Repeat the listing below in full and exactly, but without its pictures.

#### [Dataset extract]

#####

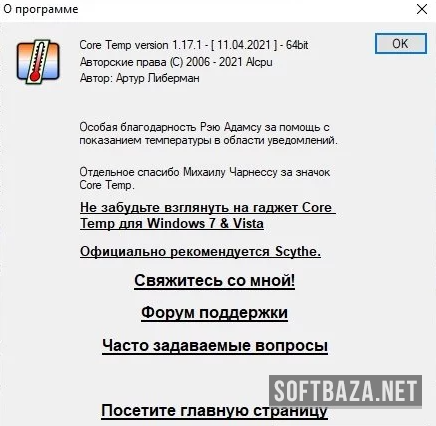 Core Temp 1.19.5.69 для Windows 11, 10, 8, 7 на русском
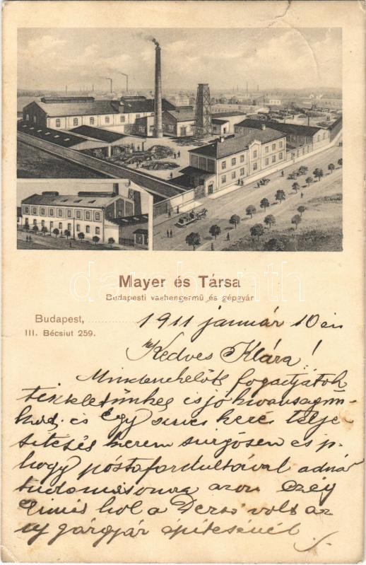 https://www.darabanth.com/en/395-Online-auction/395.0/Postcards/Hungary~1000005/1911-Budapest-III-Mayer-es-Tarsa-vashengermu-es-gepgyar-Becsi-ut-259-kis-szakadas-sma~II2401079
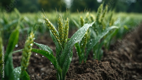 © CreativeSuburb, Obraz premium Young wheat plants growing in fertile soil with morning dew
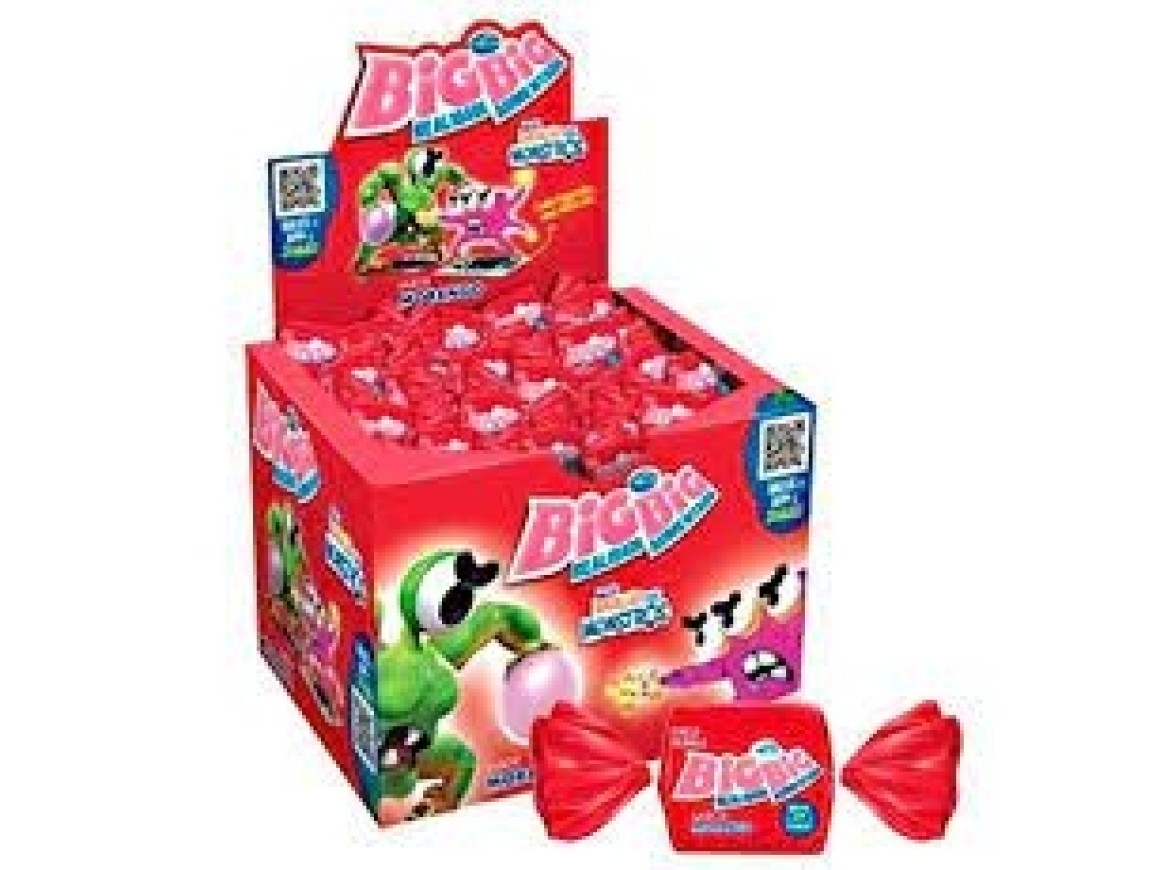 O chicle Big Big tem sabor de morango e vem com figurinhas colecionáveis. Embalagem de 315g com aproximadamente 100 unidades.

#####

#### [Written solution]
 Core Temp 1.19.5.69 для Windows 11, 10, 8, 7 на русском
 https://www.darabanth.com/en/395-Online-auction/395.0/Postcards/Hungary~1000005/1911-Budapest-III-Mayer-es-Tarsa-vashengermu-es-gepgyar-Becsi-ut-259-kis-szakadas-sma~II2401079
 © CreativeSuburb, Obraz premium Young wheat plants growing in fertile soil with morning dew
 O chicle Big Big tem sabor de morango e vem com figurinhas colecionáveis. Embalagem de 315g com aproximadamente 100 unidades.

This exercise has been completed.